You don't need to see Batman V Superman: Dawn of Justice. It's bad. It's a bad movie because it's a bad interpretation of pre-existing characters.
It's so bad that people have taken it personally. I've written in the past (yesterday) concerning the lengths people will go to preserve their baby-brains, to remain psychologically childish, rather than develop into a forward-thinking headspace. Batman V Superman is an example of denial that certain comic book fans live and die by.
Fans see their favorite characters alive and human-shaped on the screen in movies like BvS. They take that as gospel. The sight is all they require. I'll stay to my orginal point that BvS was a bad movie because it's a bad interpretation of characters the audience is familar with.
Batman and Superman.
I'm not going to dissect just BvS here though. I'm going to do a spot-check on how well DC is constructing the shared universe for their movies.

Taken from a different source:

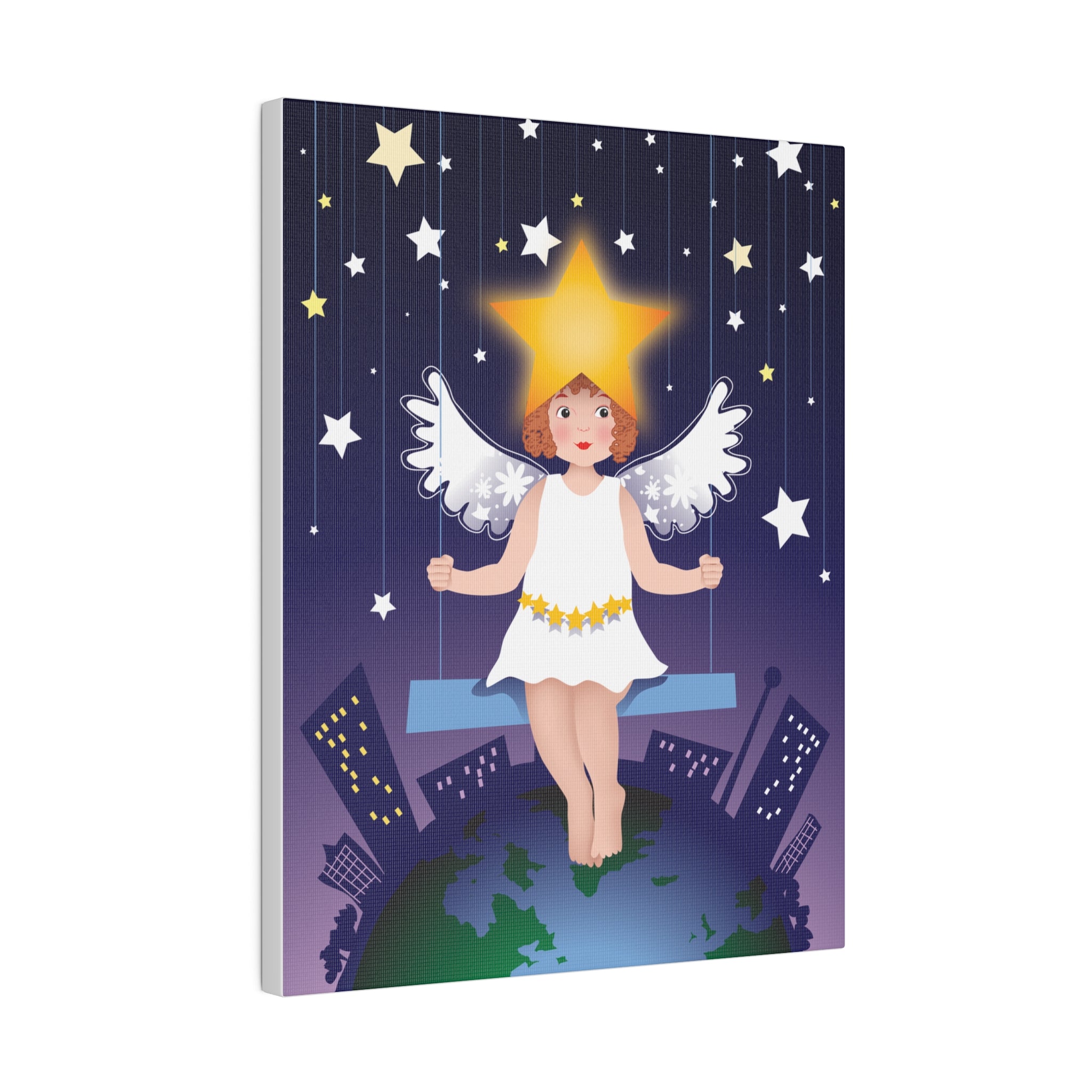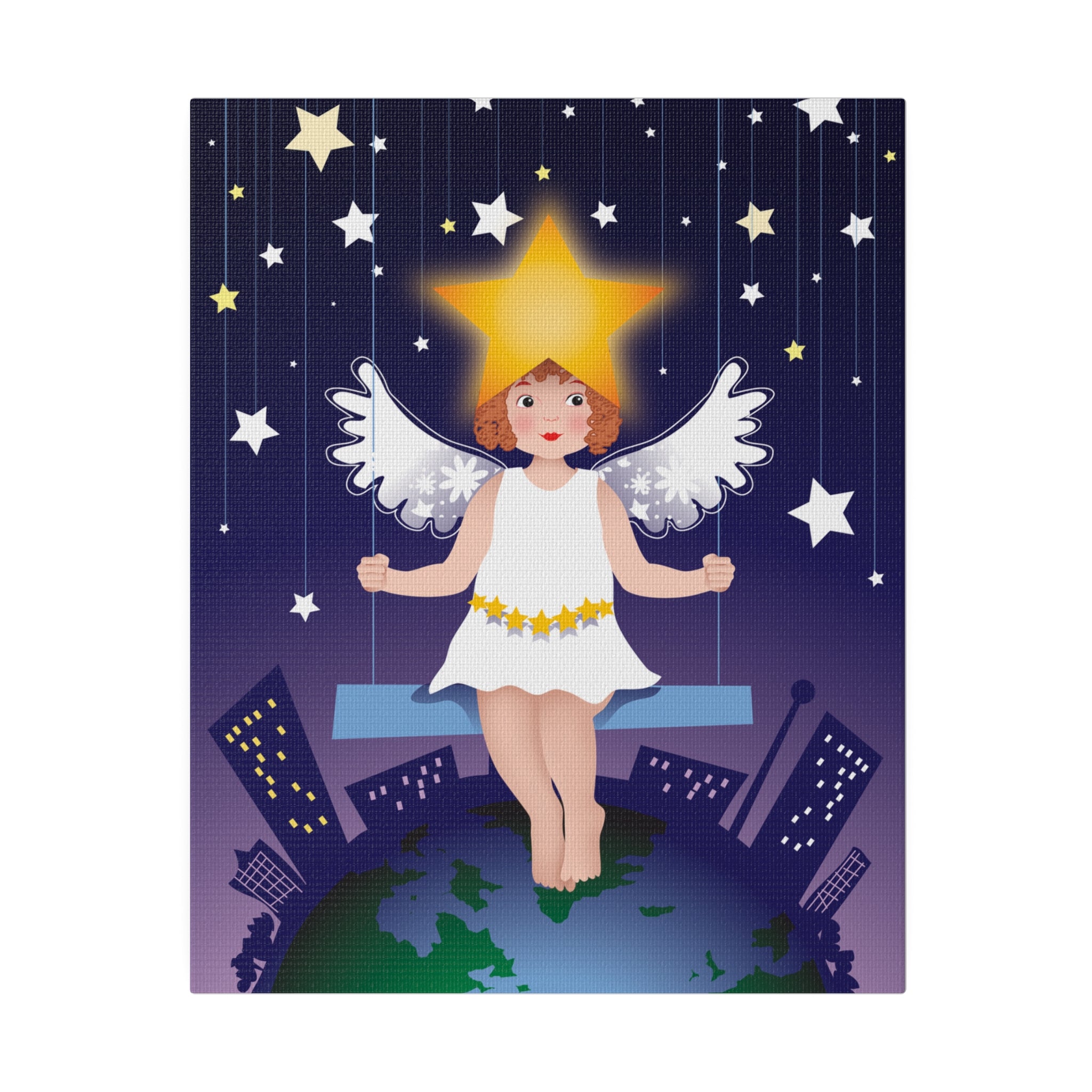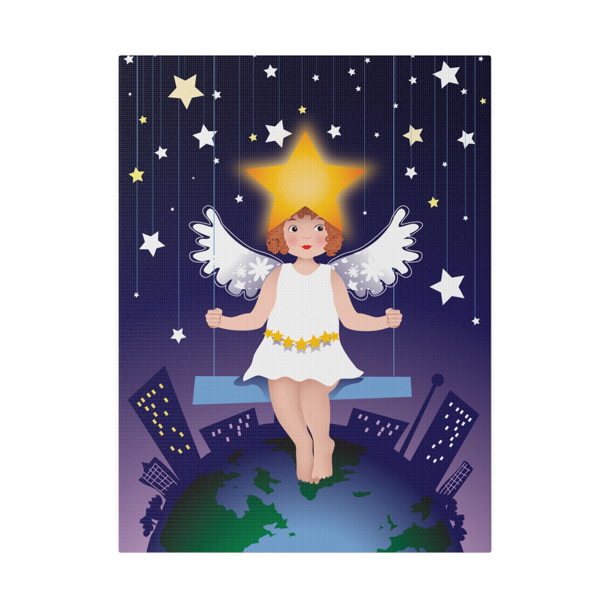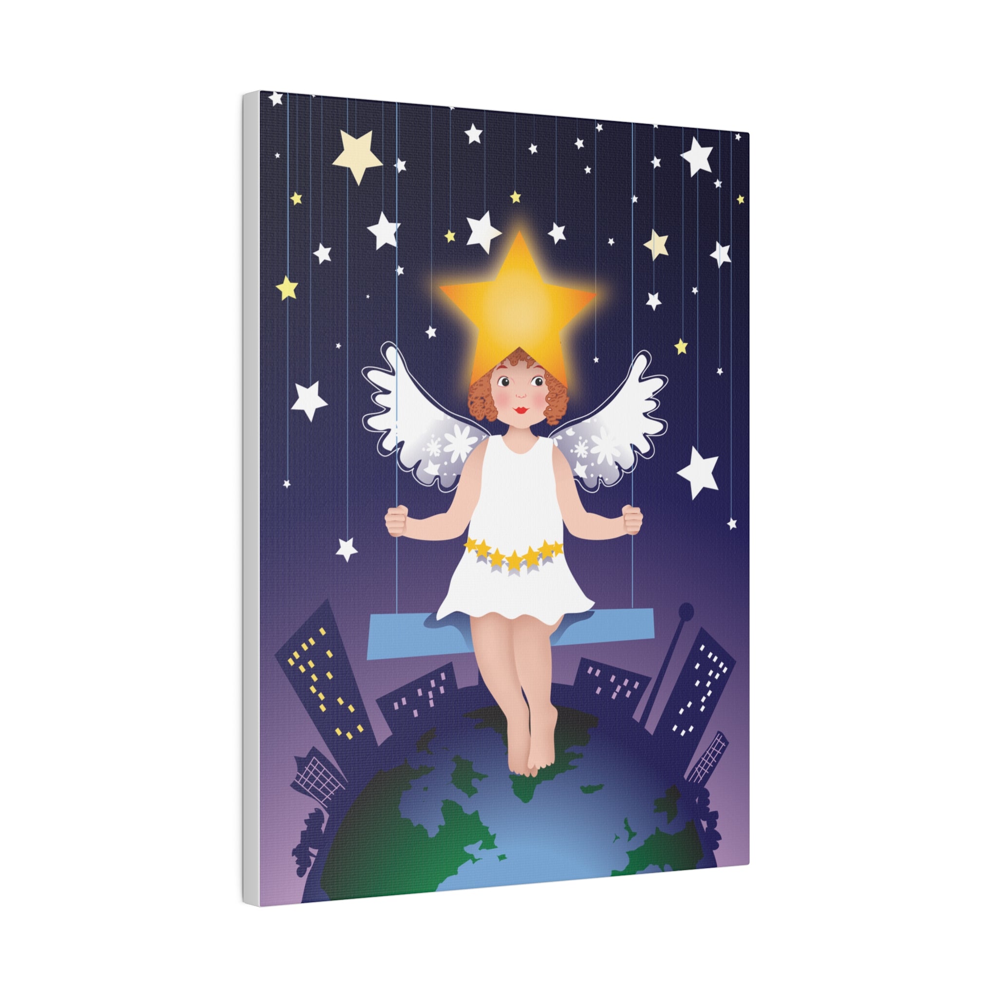 Artwork created, designed and digitally remastered by Sarasvati Designs. A young angel suspended on a swing in a night sky, surrounded by gold and white stars, creates a dreamlike atmosphere in this captivating artwork.

What's Even Going On In The DC Shared Universe?
After Bryan Singer directed the faithful, boring Superman Returns in 2006, he took too long to begin work on a follow-up. Batman Begins had already been a success in 2005. Christopher Nolan had shifted his attention to his side-project The Prestige before engaging with the inevitable sequel The Dark Knight.
Everything moved slower then. The concept of the "shared universe" had not been conceived. Until The Avengers changed everything.
Discarding Singer and fast-tracking a new Superman film, Zack Snyder was hired to direct. Even as news of his attachment to the project that would eventually become Man of Steel, Snyder's fumbling anime fanfic Sucker Punch had steamed its way into public cinemas in 2011, three years after Iron Man struck the first spark of interconnectivity for Marvel, along with a few hundred thousand dump trucks of money.
Nolan's The Dark Knight Rises released to a middling response in 2012. The Avengers had already come and gone that summer. The conversation was over.
People Want The Continuity
Man of Steel, like all Zack Snyder films before it, was nihilistic and violent, two things that the Superman character is not.
Superman in Man of Steel is an interpretation of the existing character. It's a poor interpretation. Unlike Nolan's Batman, who was also an interpretation—trained by ninjas, motivated by trauma, faithful in humanity—Snyder's Superman was aimless and unsure. These traits run counter to what Superman traditionally is: Superman is almost always RIGHT.
He knows what to do, he faces an impossible scenario, even with all his strength, and in the reader / viewer's mind, it's spectactular he can manage to solve the problem. Then he does.
The same way Batman inspires fear in those he fights, Superman inspires hope in those he serves.
In the time it took Marvel to release six films between 2013-2016, DC released 1: Batman V Superman.
At this point, DC doesn't have a "shared universe." It has one film in Man of Steel, and it has its sequel, BvS. Suicide Squad, directed by the ultra-sharp David Ayer, releases in August 2016 to add a small pinch of something else to the equation.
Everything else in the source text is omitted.